Simulating network timeouts with toxiproxy

Posted by Jakub Holý on May 9, 2017

Goal: Simulate how a Node.js application reacts to timeouts.

Solution: Use toxiproxy and its timeout “toxic” with the value of 0, i.e. the connection won’t close, and data will be delayed until the toxic is removed.

The steps:

  1. Start toxiproxy, exposing the port 6666 that we intend to use as localhost:6666:
docker pull shopify/toxiproxy
docker run --name=toxiproxy --rm --expose 6666 -p 6666:6666 -it shopify/toxiproxy

(If I was on Linux and not OSX then I could use --net=host and wouldn’t need to expose and/or map the port.)

  1. Tell toxiproxy to serve request att 6666  via an upstream service:
docker exec -it toxiproxy /bin/sh
/ # cd /go/bin/
/go/bin # ./toxiproxy-cli create upstream -l 0.0.0.0:6666 -u google.com:443
  1. Modify your code to access the local port 6666 and test that everything works.

Since we want to access Google via HTTPS, we would get a certificate error when accessing it via localhost:6666 so we will add an alias to our local s /etc/hosts:

127.0.0.1 proxied.google.com

and use
https://proxied.google.com:6666 in our connecting code (instead of the https://google.com:443 we had there before). Verify that it works and the code gets a response as expected.

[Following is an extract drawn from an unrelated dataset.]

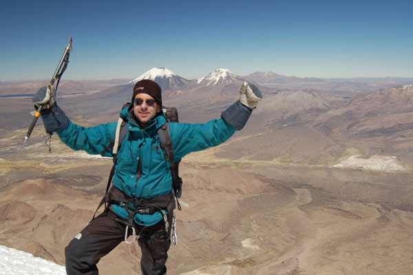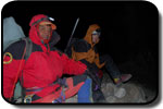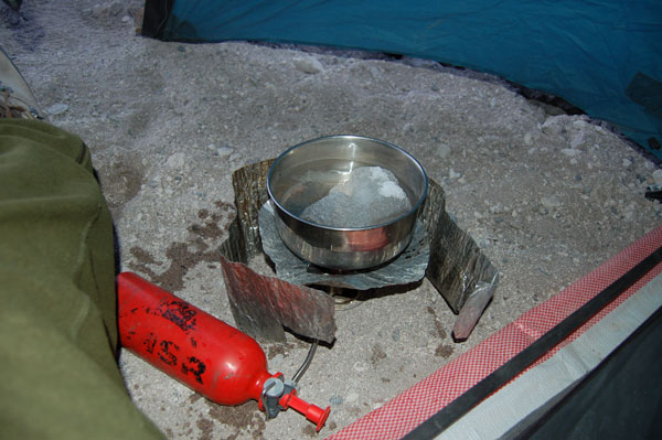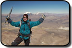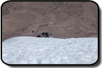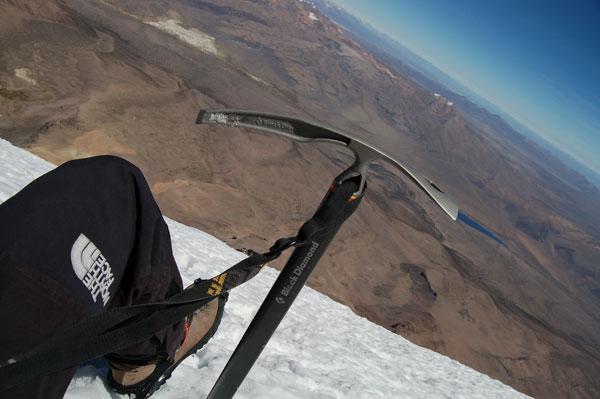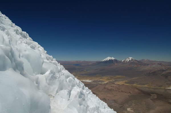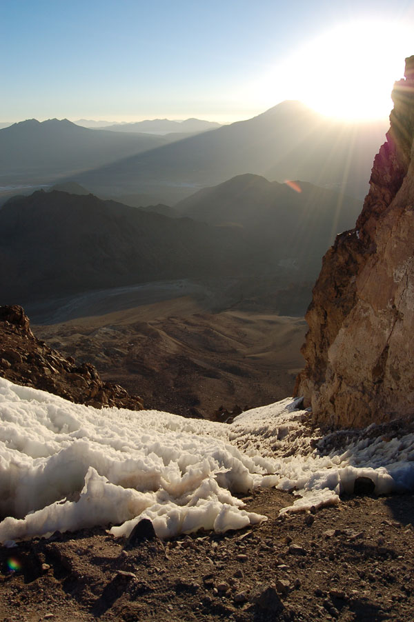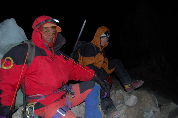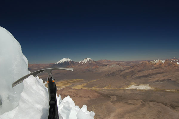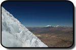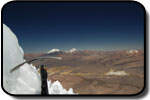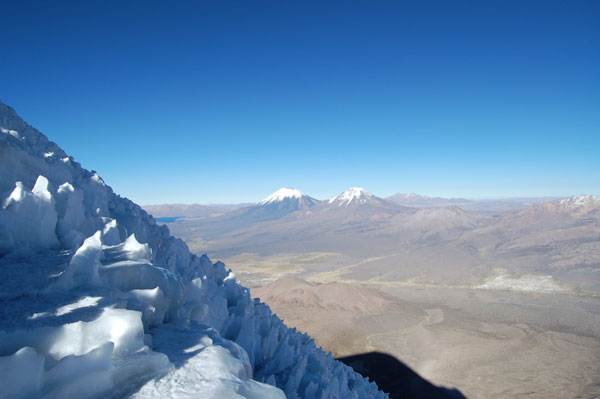 La ora 1:30 eram deja echipat şi pregătit de plecare. Ghidul însă îmi spune că el încă n-a topit zăpadă pentru a-şi face apă şi că mai trebuie să aştept... timp de o oră jumate. Plecăm aşadar la ora trei dimineata, ne aşteptau deci aproape 1000 de metrii diferentă de nivel, de la 5800 pe gheată. Mai întăi se avansează pe creasta de nisip şi pietre, apoi după un traverseu apare în acest sezon un câmp de penitentes. Penitentes-i sunt ca nişte lapiezuri de gheata, formati prin eroziunea şi topirea ghetii. Este o formă de eroziune întâlnită doar în zone tropicale, doarece unghiul de incidentă a razelor solare contribuie decisiv la acest tip de eroziune. Deja guardaparque-i mă avertizau că sezonul de escaladare s-a încheiat cu o lună în urmă şi că aceste câmpuri de penitentes îngreunează foarte mult înaintarea. Fapt şi confirmat la fata locului, doar că aici a venit marea supriză. Mario, ghidul, nu mai vroia să continue, motivând că este obosit şi că nu are rost să încercăm trecerea peste penitentes fiindcă ne-ar lua foarte mult timp. Aici au început discutiile şi amenintările, strategia ghidului fiind una foarte clară: să aibă o zi de muncă cât mai uşoară. După jumate de oră de discutii am continuat drumul prin primul câmp de penitentes de care am trecut în 40 de minute, zonă care în conditii normale ar fi fost traversată în 10 minute. Urmează o parte mai uşoară, pe pietre şi nisip, după care din nou ne legăm în cordă pentru a trece un ultim traverseu pe un perete. De aici începe un nou câmp de penitentes, înalti de 1,20 metrii şi groşi, foarte greu de spart necesitând un efort fizic extrem de mare pentru a trece peste ei. După ce reuşim să trecem si de acest prag iese în sfârşit soarele şi ne încălzeşte putin. Suntem la 6000 de metrii, si soarele îmbracă în razele lui calde vulcanii de pe partea chileană, Parinacota şi Pomerape.

  1. Tell toxiproxy to have an infinite timeout for this service

Continuing our toxiproxy configuration from step 2:

./toxiproxy-cli toxic add -t timeout -a timeout=0 upstream

(Alternatively, e.g. timeout=100; then the connection will be closed after 100 ms.)

  1. Trigger your code again. You should get a timeout now.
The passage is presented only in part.